YOUR OBJECTIVE: In the data below, restate exactly the lines from the one with "In order to" to the final line, both included, but not the pictures.

INFORMATION PROVIDED:

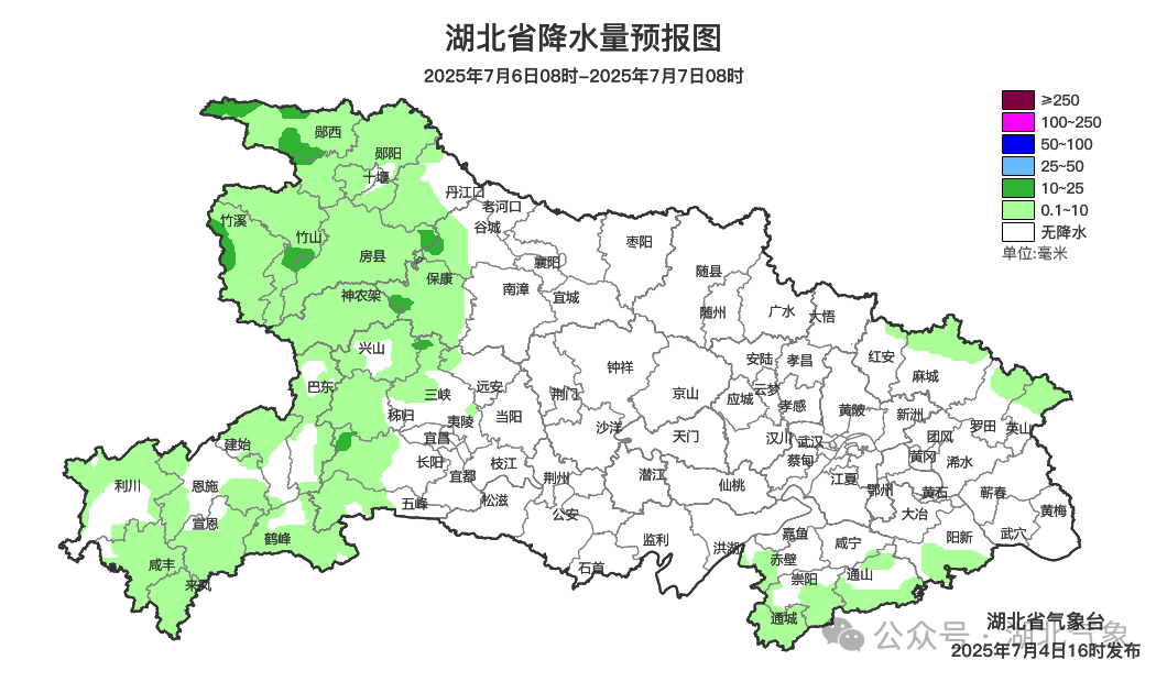 7月6日08时-7日08时,全省晴天到多云,鄂西北、鄂西南、鄂东北东部、鄂东南局地有雷阵雨。最高气温35~39℃,最低气温西部23~26℃、中东部26~30℃,偏东风2到3级、阵风4到6级。
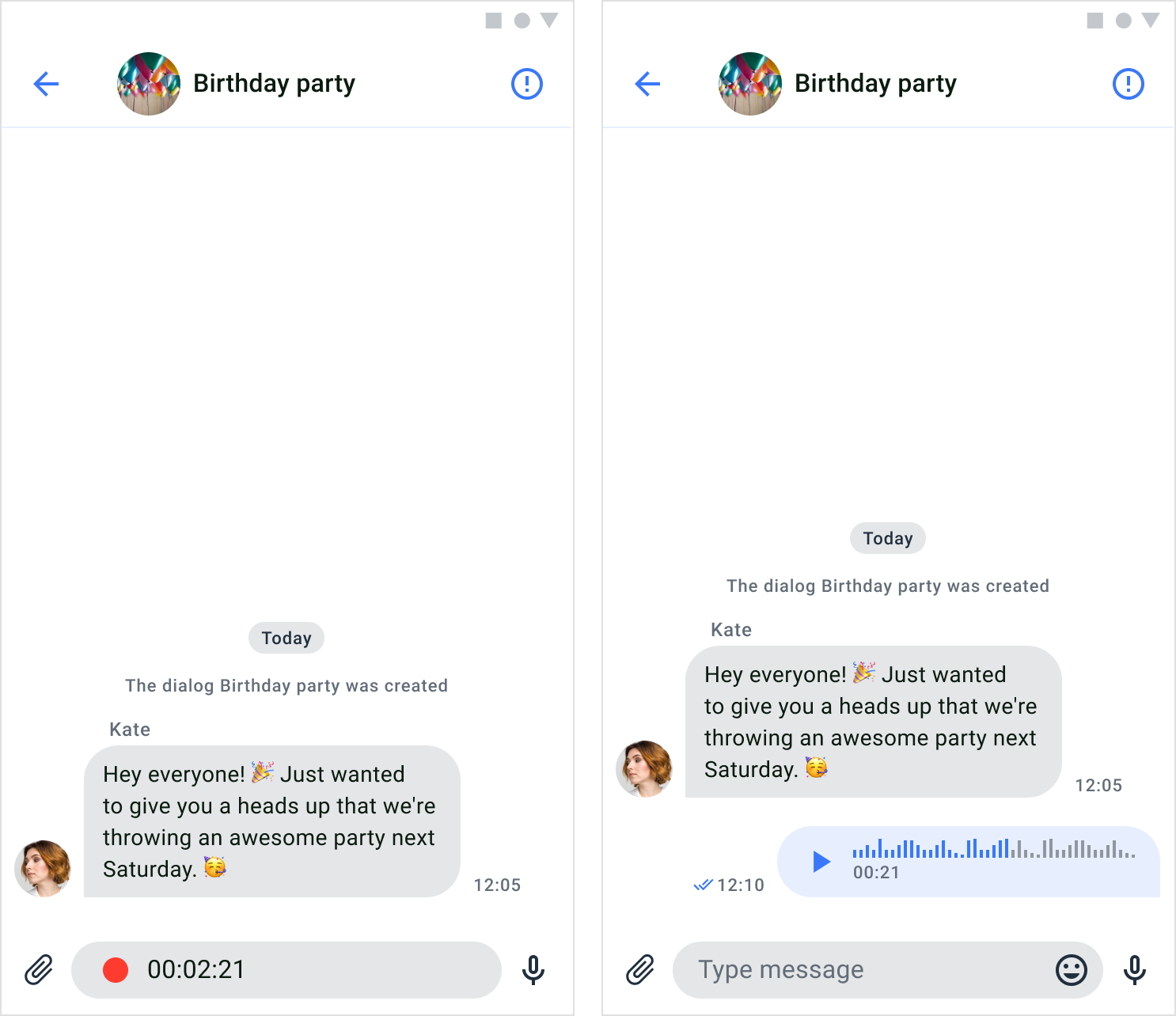In order to send a voice message, users have to record a message first. By default, a voice message icon is visible on the right side of the input field. While the icon is pressed, the voice recorder appears and recording the sound from microphone. The voice message icon appears only when input text form is empty. When the icon unpressed the voice message will send automatically.
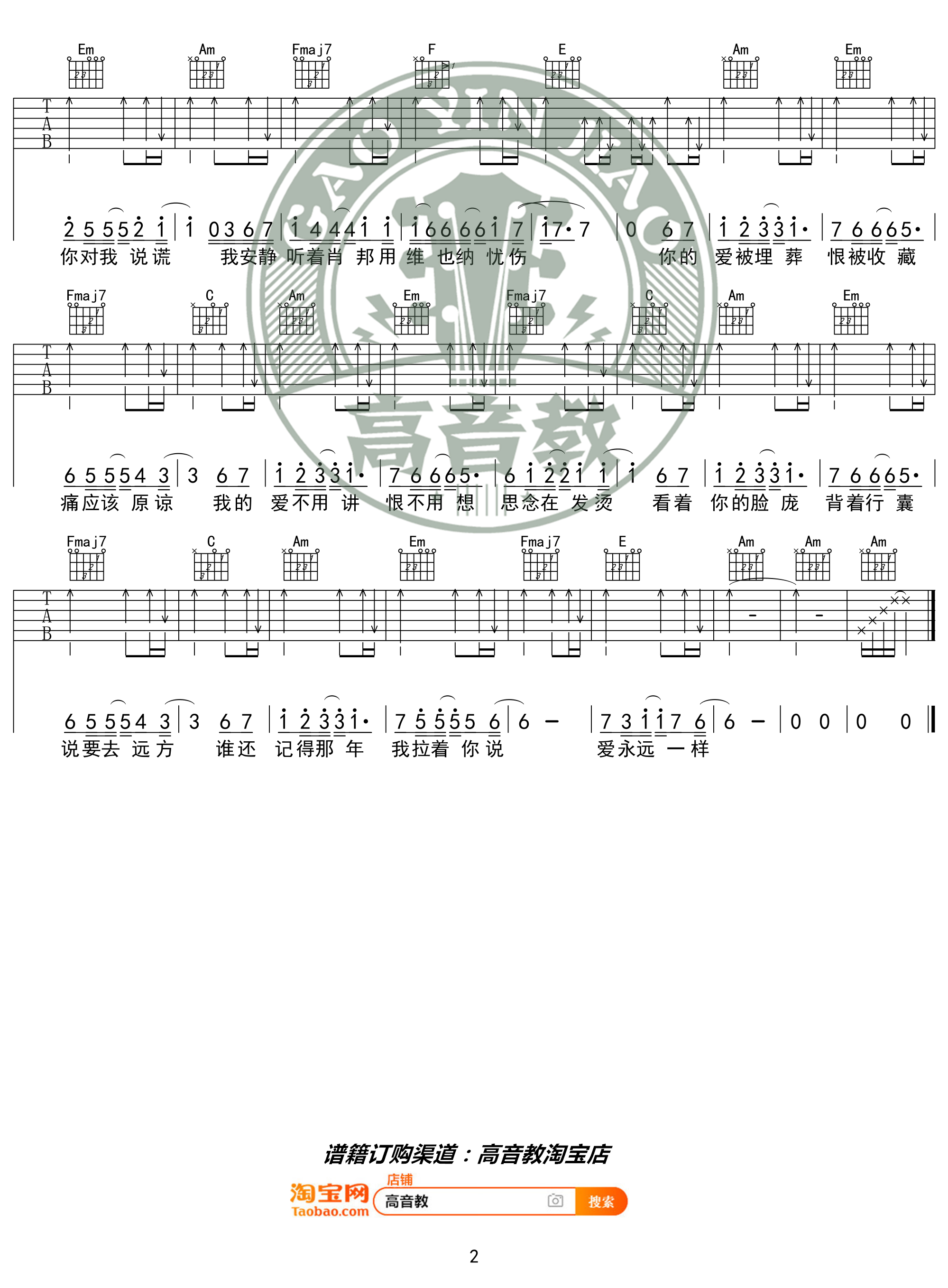 曲谱介绍: 《不分手的恋爱》吉他谱_汪苏泷_C调简单弹唱六线谱_高清图片谱分享,采用C调指法编配,演唱时夹变调夹2品。这首歌是当时流行的单曲。每个人都想谈恋爱而不分手,这正是我们所期望的。这个版本的音乐来自男高音教学,它都是简单的和弦。

ANSWER TO THIS TASK:
In order to send a voice message, users have to record a message first. By default, a voice message icon is visible on the right side of the input field. While the icon is pressed, the voice recorder appears and recording the sound from microphone. The voice message icon appears only when input text form is empty. When the icon unpressed the voice message will send automatically.
 曲谱介绍: 《不分手的恋爱》吉他谱_汪苏泷_C调简单弹唱六线谱_高清图片谱分享,采用C调指法编配,演唱时夹变调夹2品。这首歌是当时流行的单曲。每个人都想谈恋爱而不分手,这正是我们所期望的。这个版本的音乐来自男高音教学,它都是简单的和弦。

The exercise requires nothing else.